パウエルFRB議長の捜査終結=後任ウォーシュ氏就任に進展―米



【ワシントン時事】米首都ワシントンのピロ連邦検事は24日、SNSへの投稿で、連邦準備制度理事会(FRB)本部改修工事を巡るパウエル議長への刑事捜査打ち切りを発表した。パウエル氏の議長任期は来月15日まで。捜査は、後任としてトランプ大統領が指名したウォーシュ元理事の新議長就任に向けて障害になっていたが、FRBの新体制発足へ進展しそうだ。

FRB内部の不正などを調べる監察総監に本部改修工事費が膨らんだ背景について調査を委ねた。ピロ氏は「包括的な報告の早期提出を期待するとともに、解決に役立つものだと確信している」と表明。一方、新たな事実が判明すれば、「捜査再開をためらわない」とくぎを刺した。
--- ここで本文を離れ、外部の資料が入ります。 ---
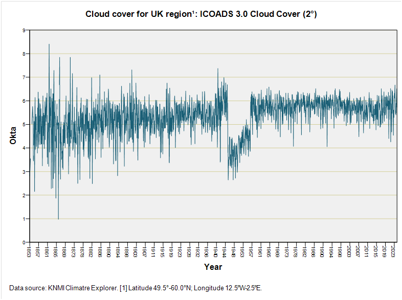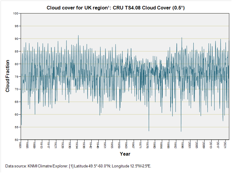 Assuming everybody involved got their act together by 1960 then my eyeballs don’t detect anything much happening, though there appears to be a subtle decline in cloud cover up to around 2015 when things started to gently ramp up. I’ll be looking at this in a moment or two, but for now let’s go straight in with the CRU TS4.08 0.5° gridded cloud cover dataset for the same region:

トランプ政権は、約19億ドル(約3000億円)だったFRB本部改修工事費の膨張を問題視。司法省はこれまで、工事費用の超過を巡り議会で虚偽の証言をした疑いがあるとしてパウエル氏を捜査対象としてきた。だが、連邦地裁は先月、「政府は証拠を一切、提示していない」などと断じ、捜査の正当性を否定していた。

大胆な利下げを志向するトランプ氏は、要求を受け入れないパウエル氏を公然と批判。議長解任をちらつかせるなど、露骨な圧力をかけ続けた。これに対してパウエル氏は、自身に対する捜査について、利下げを迫る「口実」に過ぎないと反論。FRBの独立性が大きく揺らぐ事態に発展した。